Canada, Mexico, and Central and South America, particularly Panama, Columbia, Argentina, Costa Rica, Bolivia, and Brazil have reported cases of RMSF. Serologic evidence of RMSF has been found in 6 Brazilian states ranging from Rio Grande de Sol in the south to Bahia in the north. In Brazil, RMSF was unrecognized or unreported for decades in regions such as Espiritu Santo. In southern Brazil, the disease is more common from October to February, but, in the tropics, seasonal variation is less striking.

Mortality/Morbidity

  • The mortality rate in untreated cases is 20-25%. The mortality rate in patients treated with appropriate antibiotic therapy is 5%. In a 1995 study, antirickettsial therapy within the first 5 days of illness reduced the risk of mortality 5-fold compared to treatment initiation after the 5-day mark.3
  • The mortality rate of untreated RMSF in elderly patients approaches 70%. The mortality rate in untreated children is less than 20%. RMSF tends to be more severe in individuals with glucose-6-phosphate dehydrogenase deficiency.
  • The diverse clinical features of RMSF lead clinicians to confuse it with many community-acquired infections. This delays proper therapy and contributes to higher mortality.

Race

  • RMSF is more common in blacks, but rash is harder to recognize in dark-skinned individuals.

Sex

  • Approximately two thirds of all cases of RMSF occur in males.
  • The mortality risk is also higher in males than in females.

Age

  • Two thirds of RMSF cases occur in young and middle-aged adults. The second-most-affected age group includes children aged 5-14 years.
  • Approximately one third of patients with RMSF are younger than 20 years.

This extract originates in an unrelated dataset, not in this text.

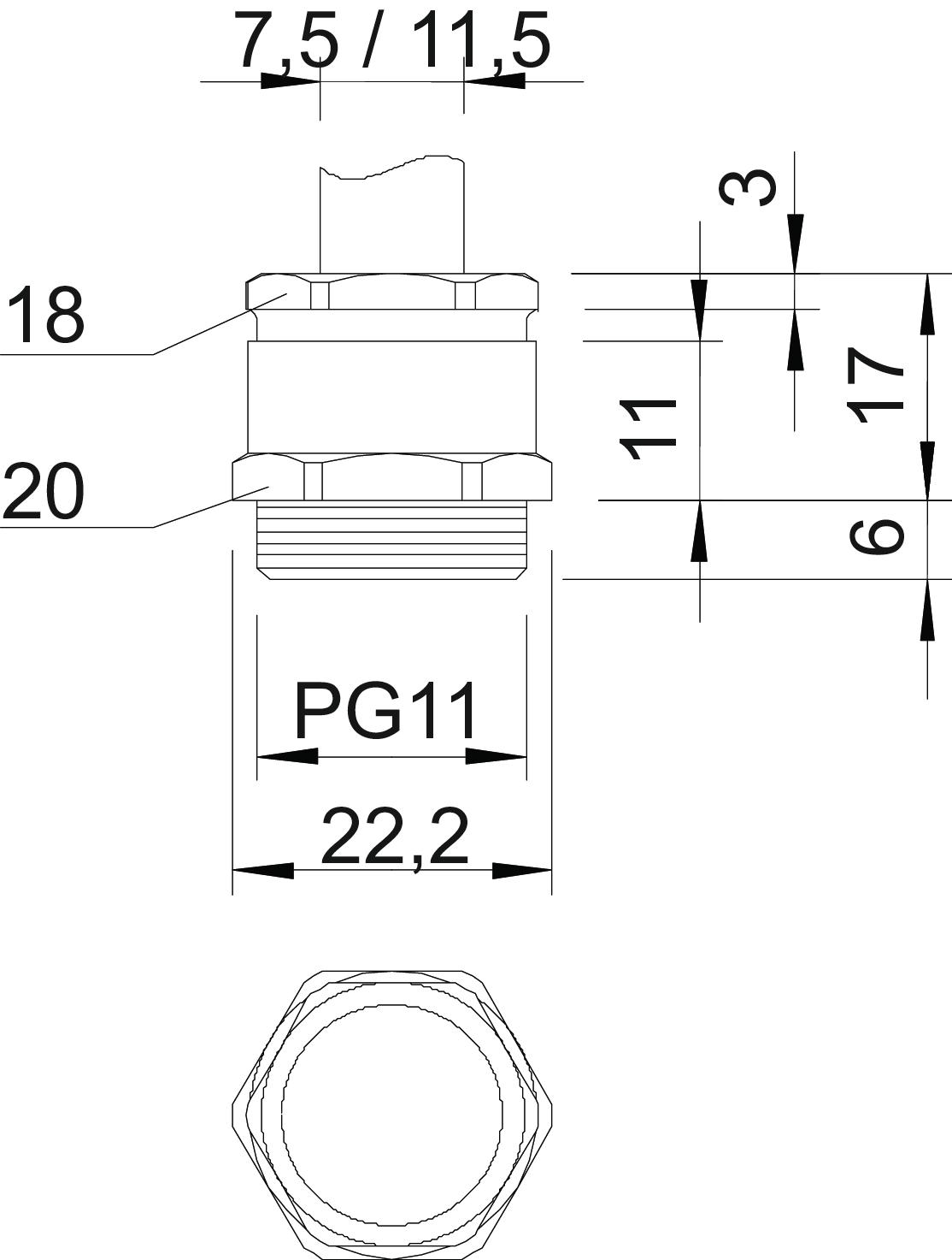 Produkta aprakstsKabeļu ievads ar sešstūra pārejas balstu, forma C4 atb.DIN 46320 ar PG savienojuma vītni atb.DIN 40430.

The likelihood of mortality increases with each decade of life after 20 years.
  • RMSF occurs more often in elderly individuals.

Clinical

History

  • Physicians must maintain a high index of suspicion for Rocky Mountain spotted fever (RMSF) in patients with the following:
    • Febrile illness
    • History of potential tick exposure
    • Travel to endemic area
    • Presentation in the spring or fall
  • RMSF should also be considered in patients with unexplained febrile illness, even if they have no history of a tick bite or travel to an endemic area.
  • History of a tick bite is reported by only 70% of patients.
  • People with RMSF generally present within a week after a tick bite.
  • The triad of manifestations in RMSF is fever, rash, and history of tick exposure. However, a recent study found that only 18% of patients with RMSF had this triad upon initial presentation. Other common symptoms include chills, severe headache, conjunctival redness, cough, myalgias, gastrointestinal disturbances, and malaise. Patients may report insomnia and photophobia.
  • A petechial rash commonly appears 3-5 days into the illness. The absence or delayed appearance of a rash increases the difficulty of diagnosis.

Physical

RMSF presents with a wide clinical spectrum, ranging from mild fever (99-100%), headache (79-91%), and myalgias (72-83%) to disseminated intravascular coagulation (DIC; 32-53%), shock (7-17%), and death (4-8%).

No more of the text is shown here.